__Information given__
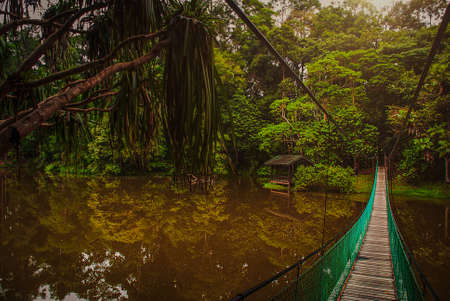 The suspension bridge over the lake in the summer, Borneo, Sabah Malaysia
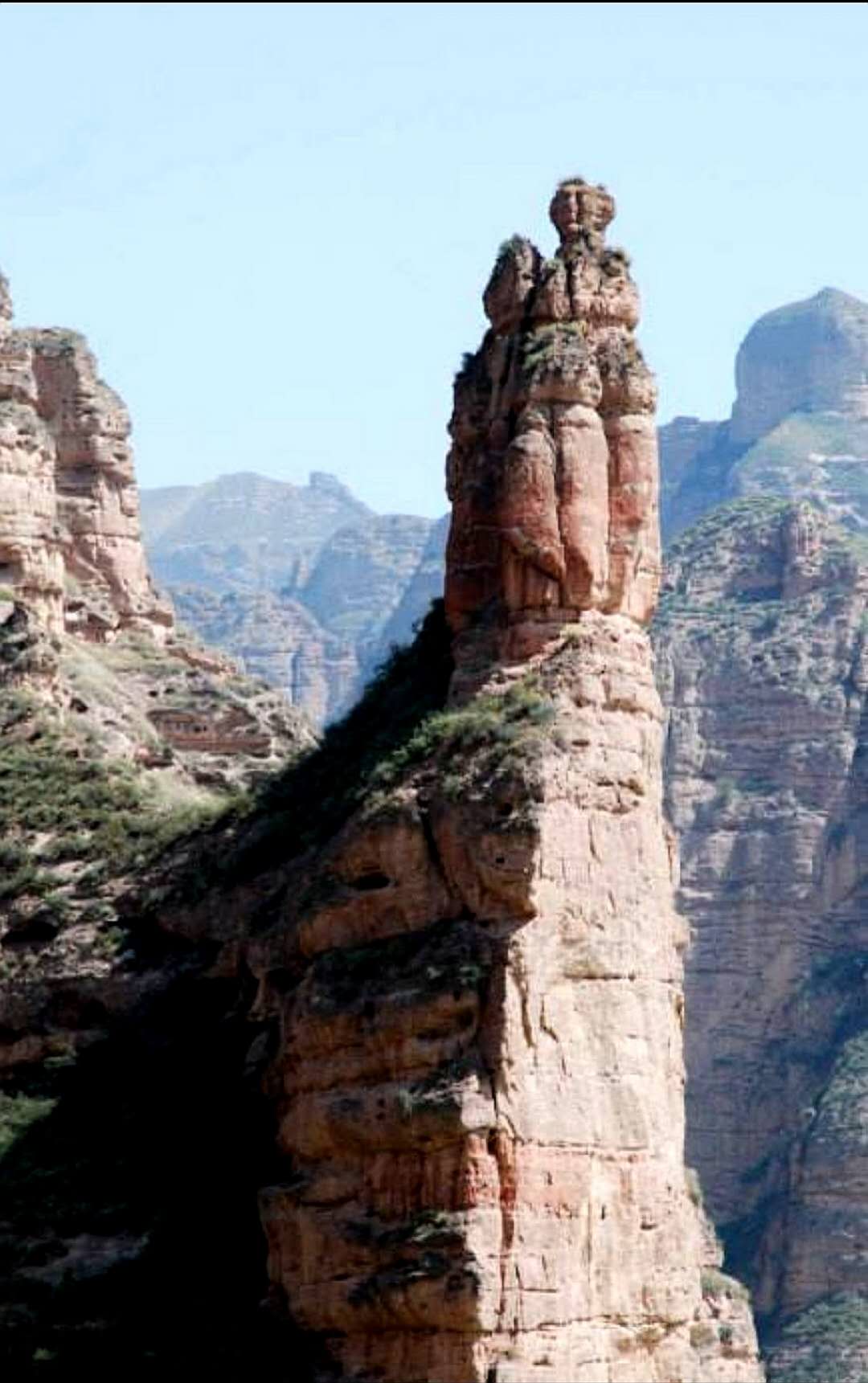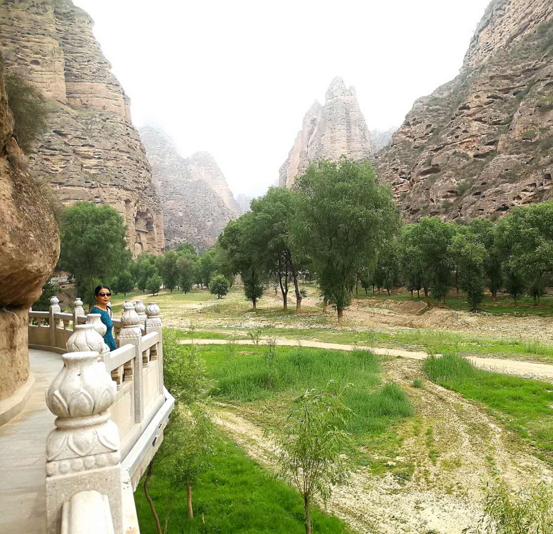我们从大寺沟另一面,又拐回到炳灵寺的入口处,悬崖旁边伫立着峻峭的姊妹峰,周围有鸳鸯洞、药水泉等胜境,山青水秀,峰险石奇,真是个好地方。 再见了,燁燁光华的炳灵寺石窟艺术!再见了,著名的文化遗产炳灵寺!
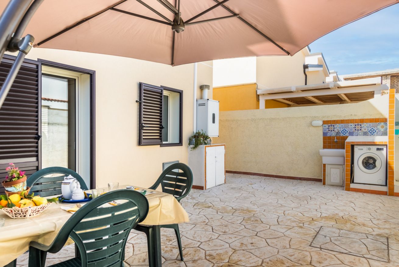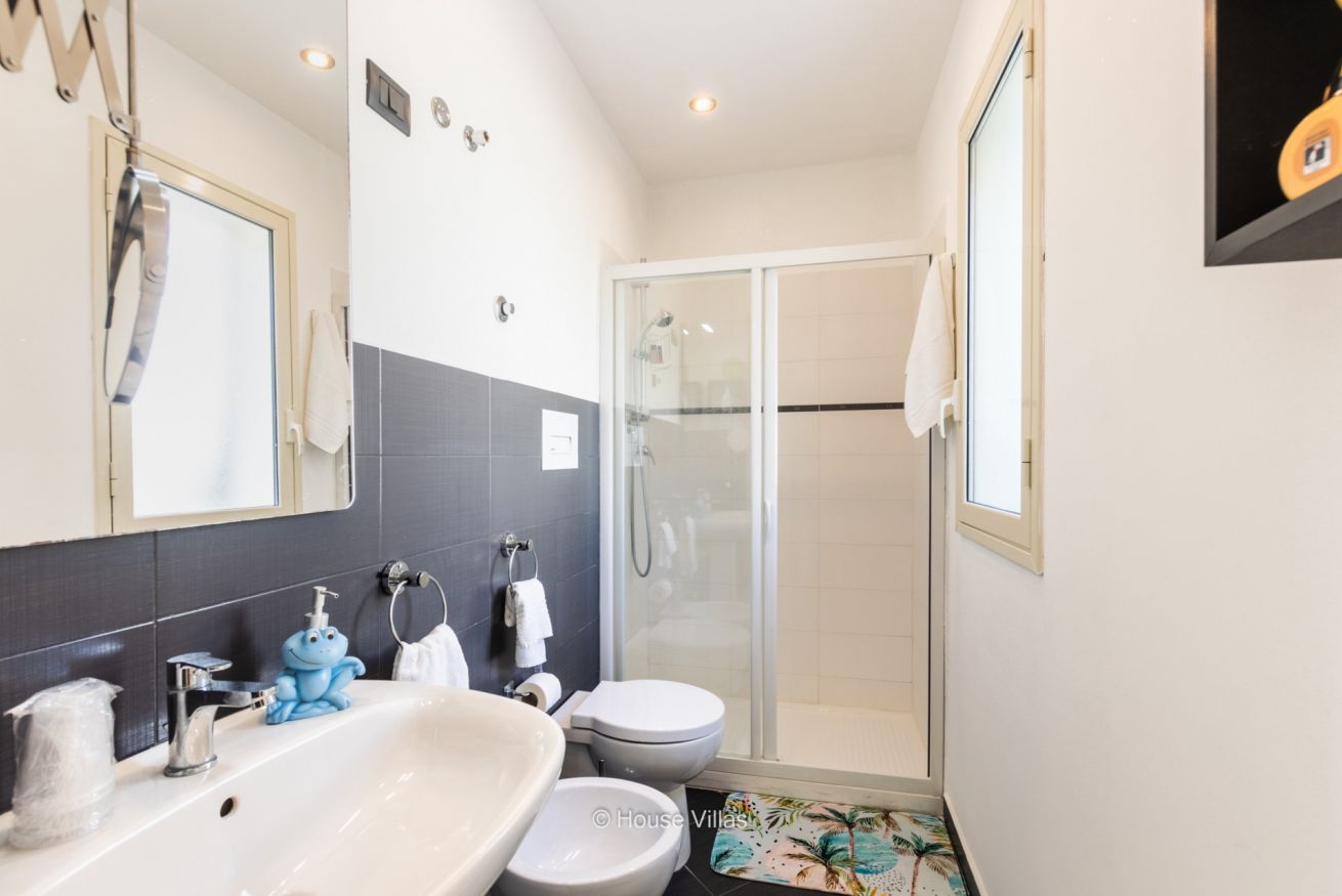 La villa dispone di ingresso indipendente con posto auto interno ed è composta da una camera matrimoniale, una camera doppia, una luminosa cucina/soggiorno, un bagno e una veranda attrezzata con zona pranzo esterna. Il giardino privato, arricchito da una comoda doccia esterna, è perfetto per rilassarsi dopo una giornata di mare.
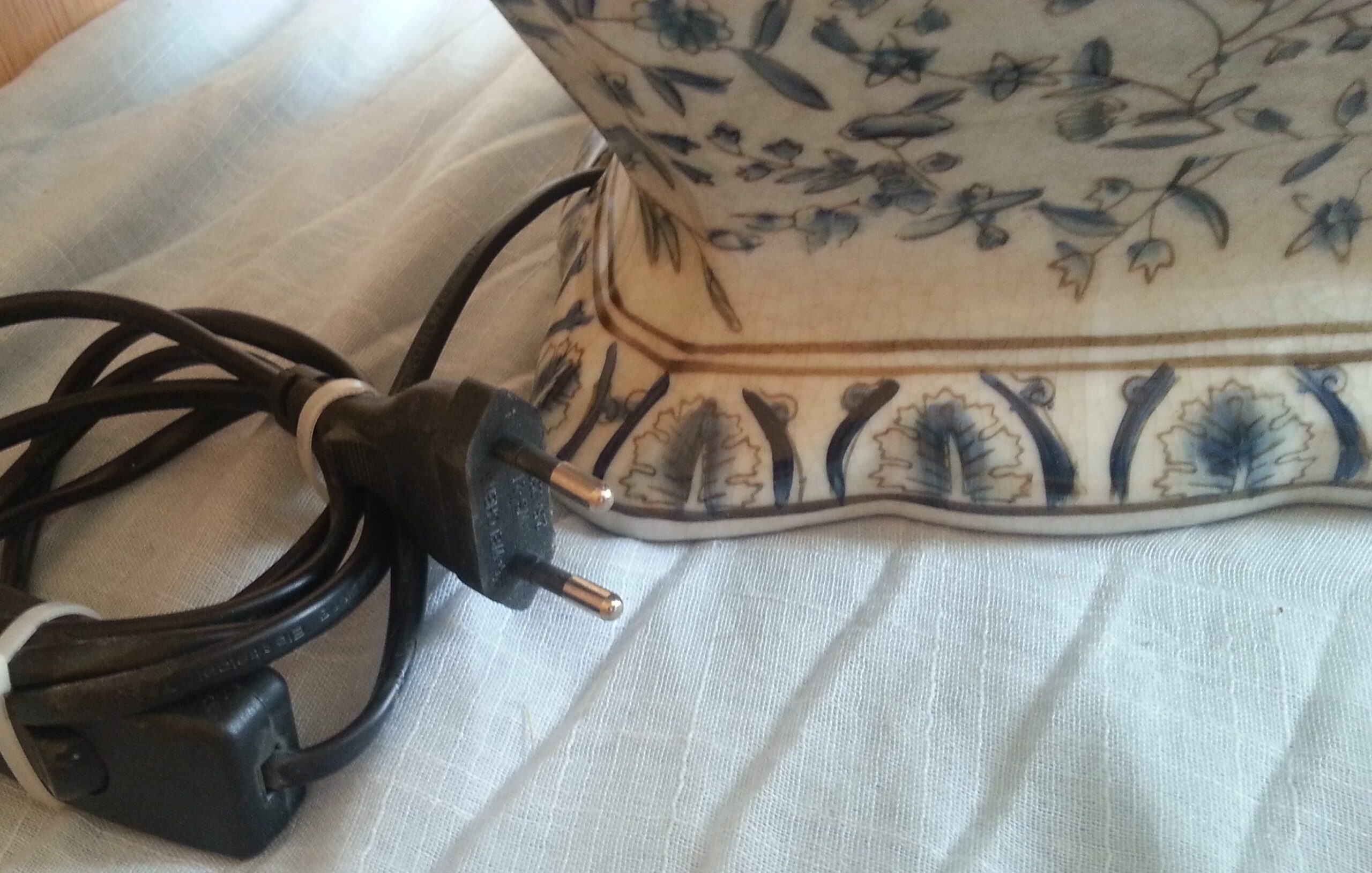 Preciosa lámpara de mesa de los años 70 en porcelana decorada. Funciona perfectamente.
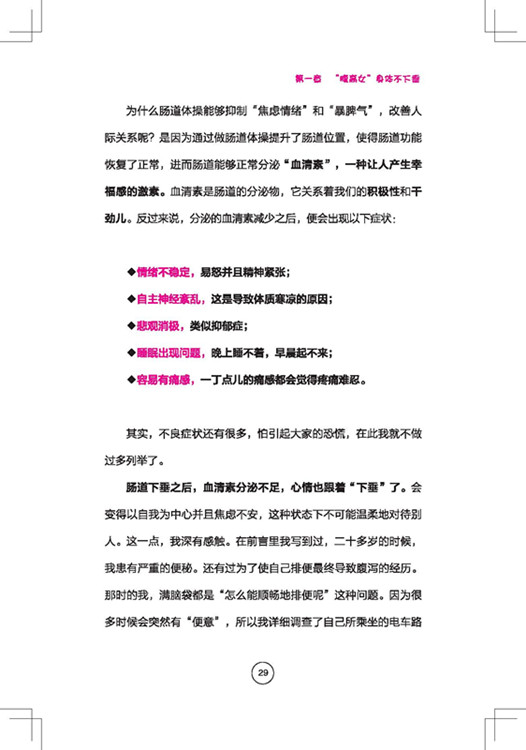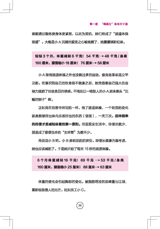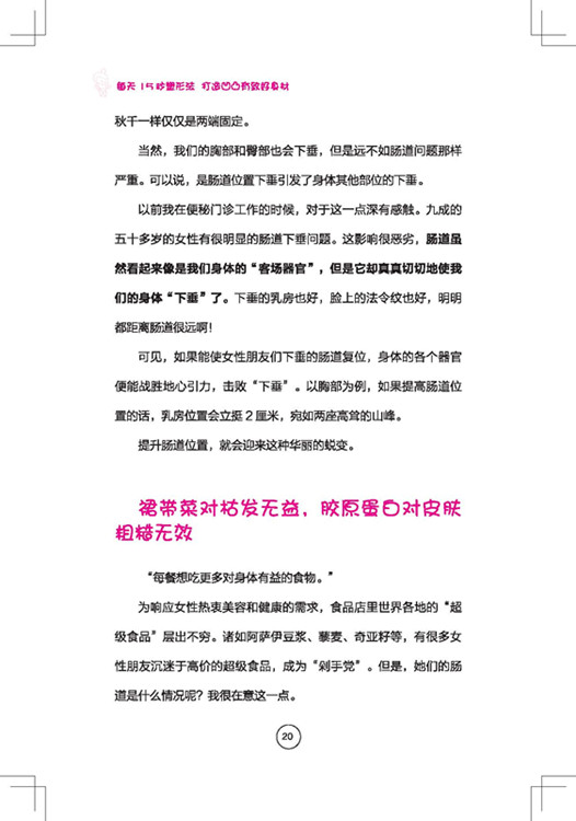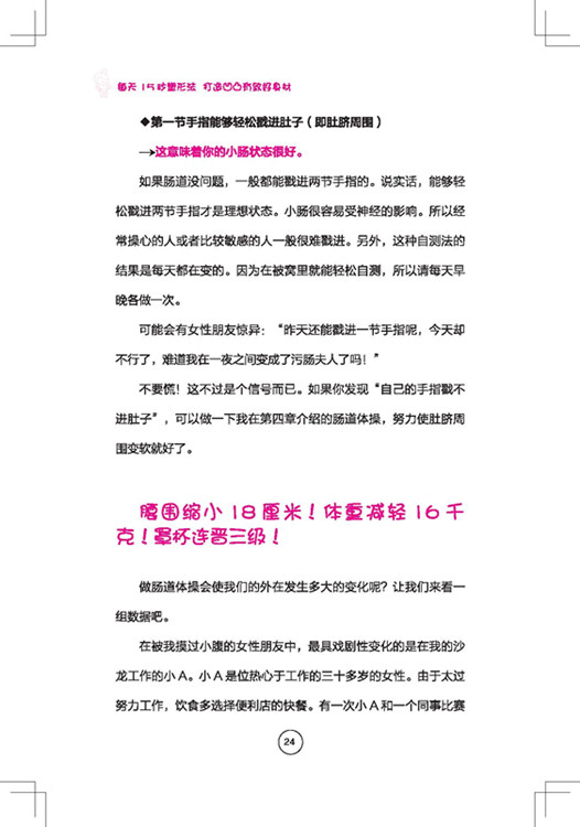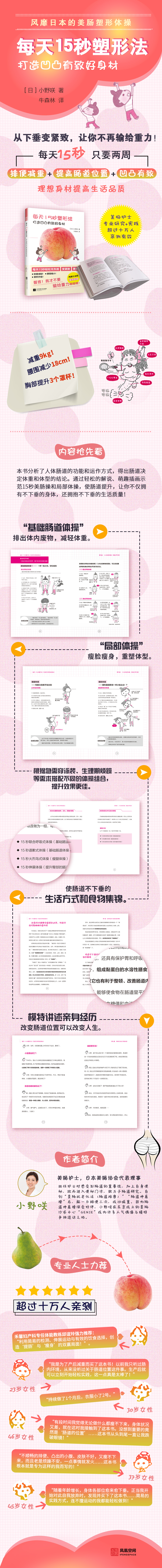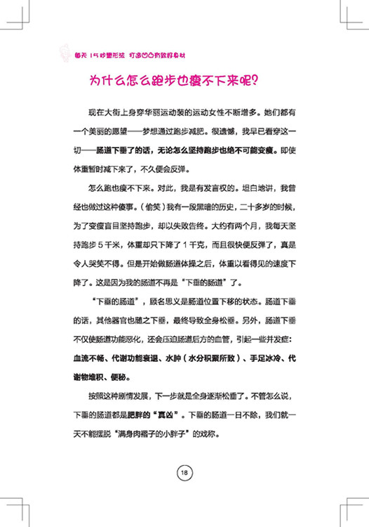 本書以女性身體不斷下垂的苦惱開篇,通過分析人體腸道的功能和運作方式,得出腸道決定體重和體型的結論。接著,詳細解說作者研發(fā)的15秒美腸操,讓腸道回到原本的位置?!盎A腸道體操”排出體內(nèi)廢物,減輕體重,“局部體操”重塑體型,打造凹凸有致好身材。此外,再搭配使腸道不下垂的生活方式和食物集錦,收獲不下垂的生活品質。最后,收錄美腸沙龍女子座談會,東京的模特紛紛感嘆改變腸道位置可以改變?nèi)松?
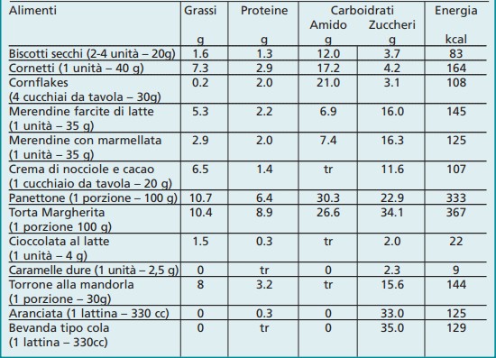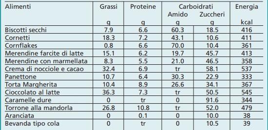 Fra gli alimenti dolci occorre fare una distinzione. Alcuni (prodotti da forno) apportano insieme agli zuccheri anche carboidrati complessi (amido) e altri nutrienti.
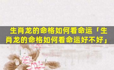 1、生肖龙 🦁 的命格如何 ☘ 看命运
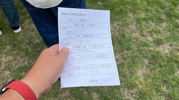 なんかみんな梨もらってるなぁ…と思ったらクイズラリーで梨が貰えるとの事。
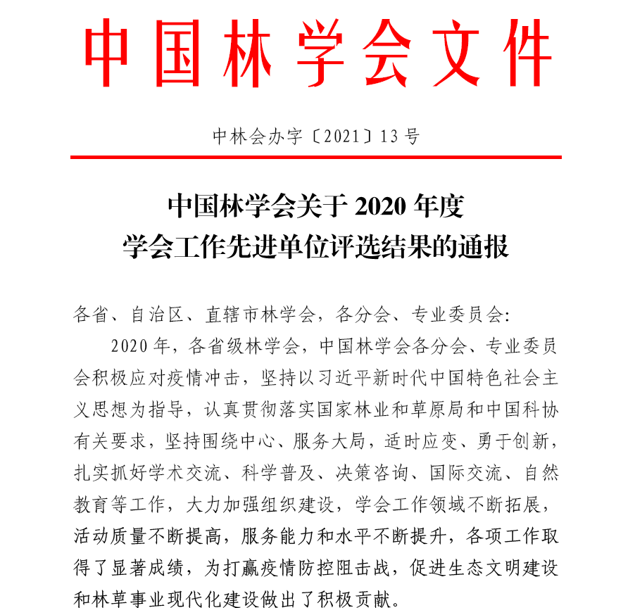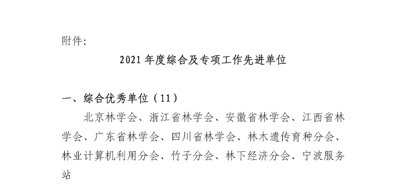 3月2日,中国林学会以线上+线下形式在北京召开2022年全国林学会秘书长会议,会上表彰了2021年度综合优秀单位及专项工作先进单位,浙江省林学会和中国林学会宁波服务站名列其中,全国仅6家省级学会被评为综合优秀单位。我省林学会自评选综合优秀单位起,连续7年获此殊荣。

__What you need to do__
Your task is to repeat the opening line of the entries above and each line after it, ending with the line that has "我们从大寺沟另一面,又拐回到". Do not include the pictures.

__Response for this exercise__
 The suspension bridge over the lake in the summer, Borneo, Sabah Malaysia
我们从大寺沟另一面,又拐回到炳灵寺的入口处,悬崖旁边伫立着峻峭的姊妹峰,周围有鸳鸯洞、药水泉等胜境,山青水秀,峰险石奇,真是个好地方。 再见了,燁燁光华的炳灵寺石窟艺术!再见了,著名的文化遗产炳灵寺!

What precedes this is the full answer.